**Information shown**
__________________________________________________

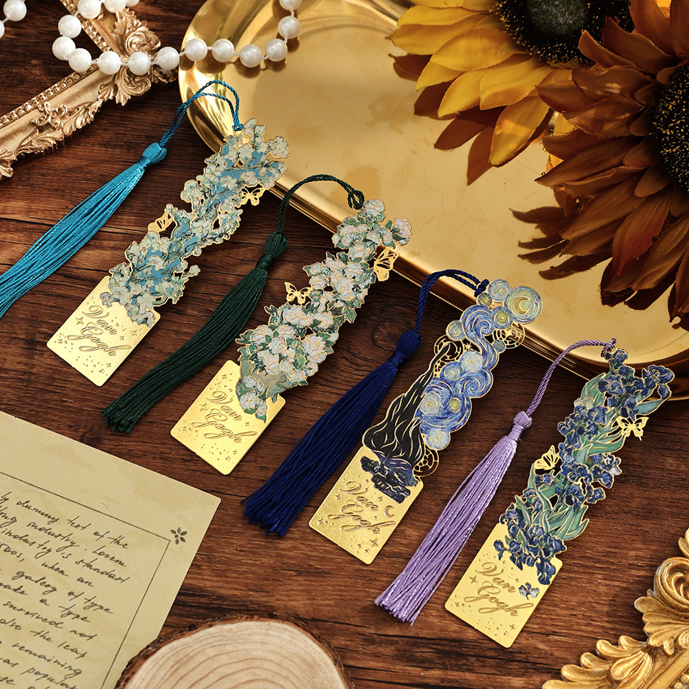 국경 간 골동품 유화 금속 책갈피 반 고흐 유명한 그림 속이 빈 북마크 술집 창조적 인 손 계정 장식 책장스토어 가기
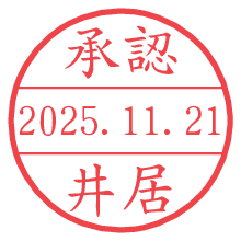 オプションの「電子透かし」をチェックし[生成]すると、見た目には分からないように、UNIXタイムスタンプを識別情報としてPNG形式の日付印に埋め込みます。 日付スタンプメーカーの使い方「部署」「名前」は最大8文字まで入力が可能です。「スタンプの色」を選択し、[生成]ボタン押下で印影画像が更新され、背景を透明に設定したPNG形式とPDF形式の印影画像がリンクからダウンロードできます。 オプションの「電子透かし」は、その性格上日付印ととても相性の良い付加サービスです。 別ページの「タイムスタンプと電子透かし」でも詳しく解説しますが、このオプションを追加することで、日付印が生成された日時に確かにその印が存在していることが証明されます。 ![]() 井居さんの電子印鑑が作れます。社内でのデータ書類閲覧確認用など、認印的な使い方のできる電子印鑑が作れます。 ![]() 古代文字で落款印が作れます。「落款スタンプメーカー」で作品を引き立たせる落款印が作れます。
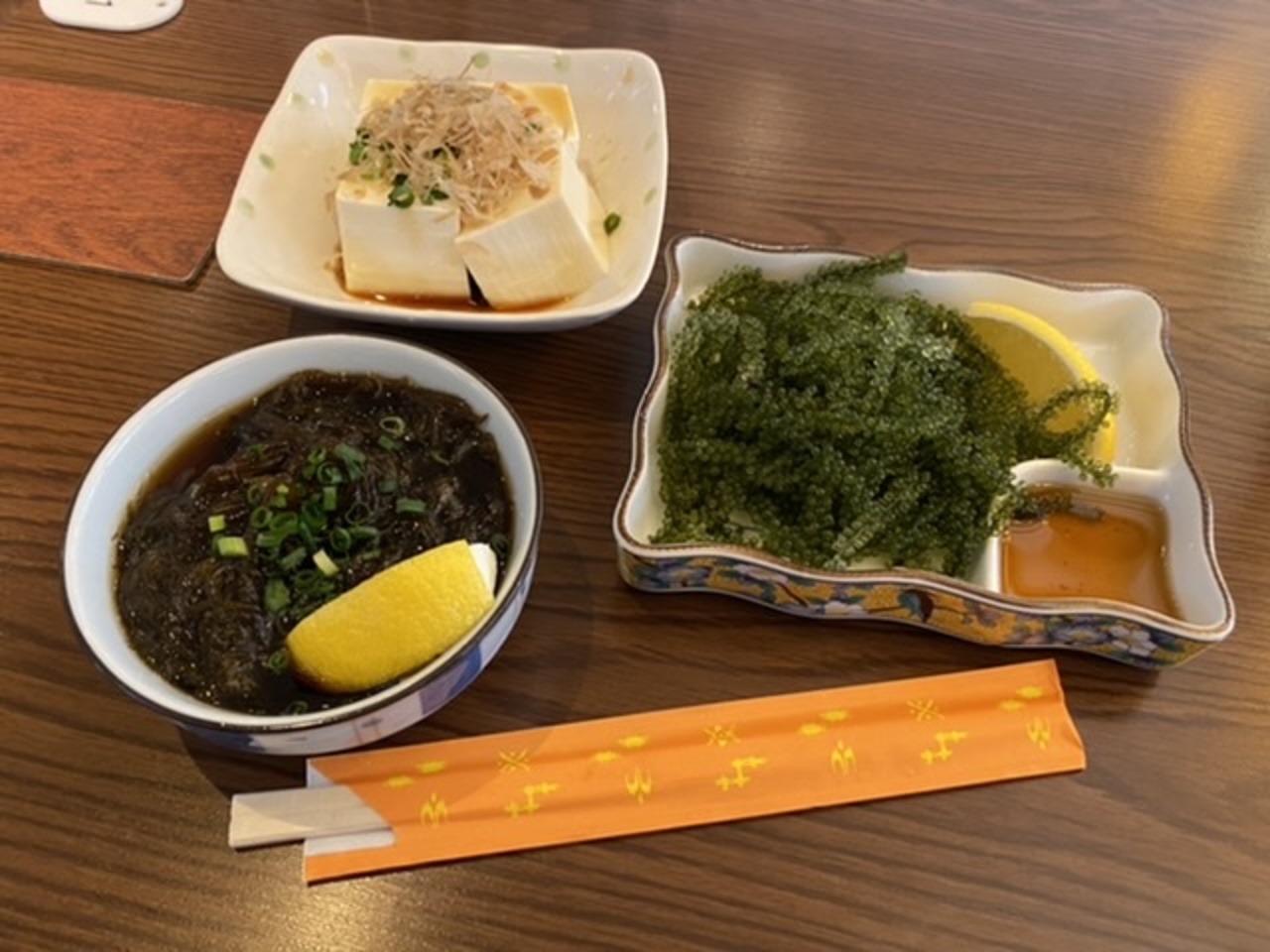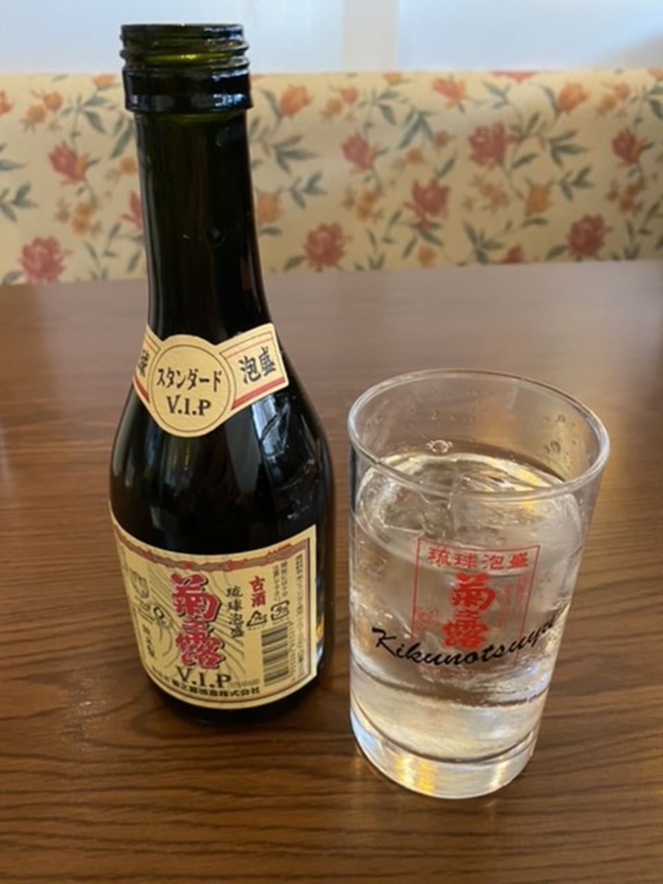 つまみはもずく酢、海ぶどう、冷奴をたのみました。泡盛は古酒ミニボトル1,650円!ロックで飲み干しましたよ。
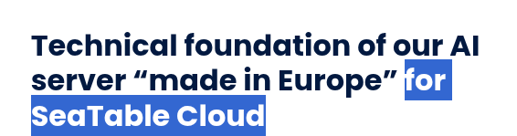 Data protection is a top priority at SeaTable. For SeaTable Cloud, we will operate our own AI server hosted at Hetzner in Germany. This ensures that no data ends up with US providers such as Google or OpenAI. And you can do the same! Self-hosters can connect virtually any LLM and thus retain full control over who is allowed to process their data.

__________________________________________________

**Problem details**
Take the data above and set it down exactly, images excluded.

**The completed task**
 국경 간 골동품 유화 금속 책갈피 반 고흐 유명한 그림 속이 빈 북마크 술집 창조적 인 손 계정 장식 책장스토어 가기
 オプションの「電子透かし」をチェックし[生成]すると、見た目には分からないように、UNIXタイムスタンプを識別情報としてPNG形式の日付印に埋め込みます。 日付スタンプメーカーの使い方「部署」「名前」は最大8文字まで入力が可能です。「スタンプの色」を選択し、[生成]ボタン押下で印影画像が更新され、背景を透明に設定したPNG形式とPDF形式の印影画像がリンクからダウンロードできます。 オプションの「電子透かし」は、その性格上日付印ととても相性の良い付加サービスです。 別ページの「タイムスタンプと電子透かし」でも詳しく解説しますが、このオプションを追加することで、日付印が生成された日時に確かにその印が存在していることが証明されます。 ![]() 井居さんの電子印鑑が作れます。社内でのデータ書類閲覧確認用など、認印的な使い方のできる電子印鑑が作れます。 ![]() 古代文字で落款印が作れます。「落款スタンプメーカー」で作品を引き立たせる落款印が作れます。
 つまみはもずく酢、海ぶどう、冷奴をたのみました。泡盛は古酒ミニボトル1,650円!ロックで飲み干しましたよ。
 Data protection is a top priority at SeaTable. For SeaTable Cloud, we will operate our own AI server hosted at Hetzner in Germany. This ensures that no data ends up with US providers such as Google or OpenAI. And you can do the same! Self-hosters can connect virtually any LLM and thus retain full control over who is allowed to process their data.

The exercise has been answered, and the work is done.